■ Work item ■
Retype every entry word for word. Omit the pictures.

■ Stored data ■
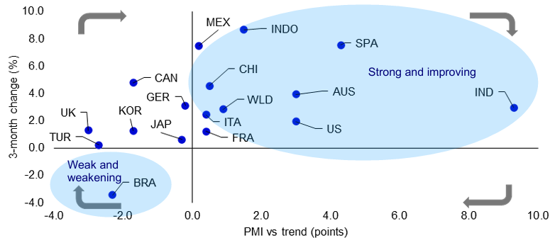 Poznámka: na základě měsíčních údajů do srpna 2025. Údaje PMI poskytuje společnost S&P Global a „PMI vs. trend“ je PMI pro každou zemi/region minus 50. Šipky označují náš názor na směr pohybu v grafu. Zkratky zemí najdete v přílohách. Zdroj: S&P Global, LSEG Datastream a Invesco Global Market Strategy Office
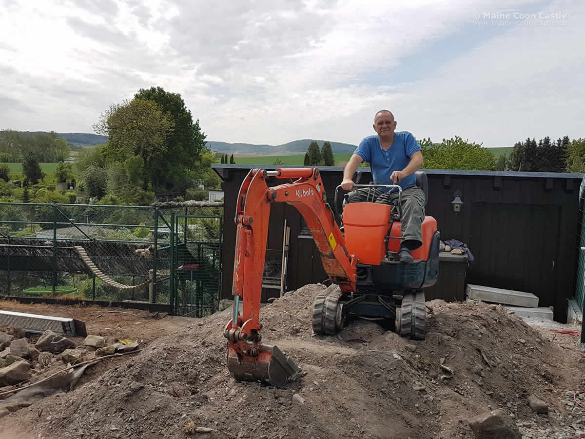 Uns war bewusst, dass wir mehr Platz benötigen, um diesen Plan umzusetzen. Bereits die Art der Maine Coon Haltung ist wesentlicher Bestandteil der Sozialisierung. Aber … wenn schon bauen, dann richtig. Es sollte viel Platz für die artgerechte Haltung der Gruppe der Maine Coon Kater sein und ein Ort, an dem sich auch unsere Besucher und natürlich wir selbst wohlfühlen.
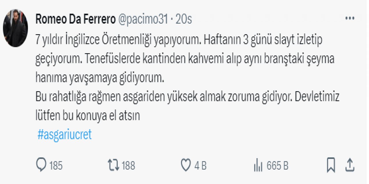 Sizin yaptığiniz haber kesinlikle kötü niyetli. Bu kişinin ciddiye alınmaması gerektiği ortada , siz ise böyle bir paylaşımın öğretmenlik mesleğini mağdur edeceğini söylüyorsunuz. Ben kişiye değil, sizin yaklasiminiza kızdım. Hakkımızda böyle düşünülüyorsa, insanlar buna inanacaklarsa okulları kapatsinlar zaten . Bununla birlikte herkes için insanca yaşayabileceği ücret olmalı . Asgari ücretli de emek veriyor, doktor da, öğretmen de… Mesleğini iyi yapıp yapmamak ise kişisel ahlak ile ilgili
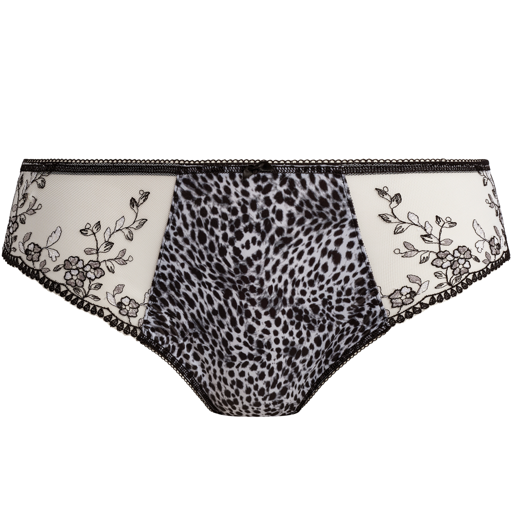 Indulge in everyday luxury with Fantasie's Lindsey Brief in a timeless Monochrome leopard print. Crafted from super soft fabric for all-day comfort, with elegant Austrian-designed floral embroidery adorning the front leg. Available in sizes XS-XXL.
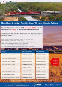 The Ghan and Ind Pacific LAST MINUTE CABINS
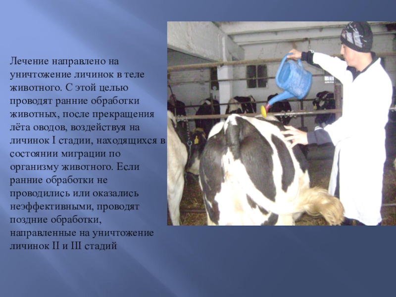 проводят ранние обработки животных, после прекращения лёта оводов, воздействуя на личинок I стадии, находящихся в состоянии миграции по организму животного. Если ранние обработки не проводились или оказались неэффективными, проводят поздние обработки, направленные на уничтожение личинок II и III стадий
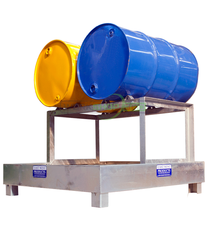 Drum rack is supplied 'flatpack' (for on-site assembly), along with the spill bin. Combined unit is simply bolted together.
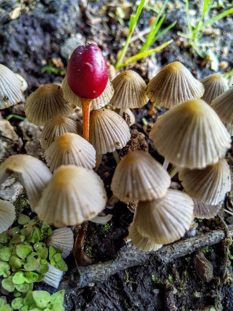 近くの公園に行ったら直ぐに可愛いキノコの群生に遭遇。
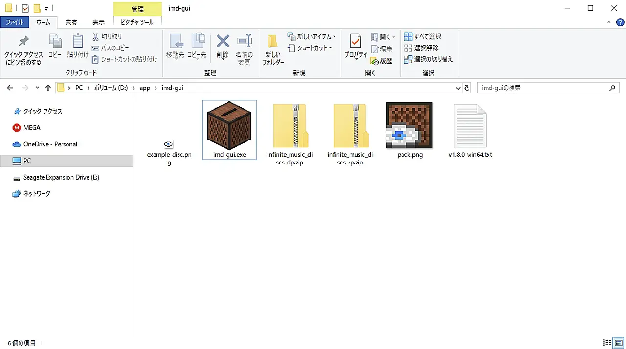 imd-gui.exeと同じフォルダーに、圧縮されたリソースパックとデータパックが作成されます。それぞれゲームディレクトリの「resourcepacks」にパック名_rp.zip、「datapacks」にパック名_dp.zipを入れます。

■ Problem solution ■
 Poznámka: na základě měsíčních údajů do srpna 2025. Údaje PMI poskytuje společnost S&P Global a „PMI vs. trend“ je PMI pro každou zemi/region minus 50. Šipky označují náš názor na směr pohybu v grafu. Zkratky zemí najdete v přílohách. Zdroj: S&P Global, LSEG Datastream a Invesco Global Market Strategy Office
 Uns war bewusst, dass wir mehr Platz benötigen, um diesen Plan umzusetzen. Bereits die Art der Maine Coon Haltung ist wesentlicher Bestandteil der Sozialisierung. Aber … wenn schon bauen, dann richtig. Es sollte viel Platz für die artgerechte Haltung der Gruppe der Maine Coon Kater sein und ein Ort, an dem sich auch unsere Besucher und natürlich wir selbst wohlfühlen.
 Sizin yaptığiniz haber kesinlikle kötü niyetli. Bu kişinin ciddiye alınmaması gerektiği ortada , siz ise böyle bir paylaşımın öğretmenlik mesleğini mağdur edeceğini söylüyorsunuz. Ben kişiye değil, sizin yaklasiminiza kızdım. Hakkımızda böyle düşünülüyorsa, insanlar buna inanacaklarsa okulları kapatsinlar zaten . Bununla birlikte herkes için insanca yaşayabileceği ücret olmalı . Asgari ücretli de emek veriyor, doktor da, öğretmen de… Mesleğini iyi yapıp yapmamak ise kişisel ahlak ile ilgili
 Indulge in everyday luxury with Fantasie's Lindsey Brief in a timeless Monochrome leopard print. Crafted from super soft fabric for all-day comfort, with elegant Austrian-designed floral embroidery adorning the front leg. Available in sizes XS-XXL.
 The Ghan and Ind Pacific LAST MINUTE CABINS
 проводят ранние обработки животных, после прекращения лёта оводов, воздействуя на личинок I стадии, находящихся в состоянии миграции по организму животного. Если ранние обработки не проводились или оказались неэффективными, проводят поздние обработки, направленные на уничтожение личинок II и III стадий
 Drum rack is supplied 'flatpack' (for on-site assembly), along with the spill bin. Combined unit is simply bolted together.
 近くの公園に行ったら直ぐに可愛いキノコの群生に遭遇。
 imd-gui.exeと同じフォルダーに、圧縮されたリソースパックとデータパックが作成されます。それぞれゲームディレクトリの「resourcepacks」にパック名_rp.zip、「datapacks」にパック名_dp.zipを入れます。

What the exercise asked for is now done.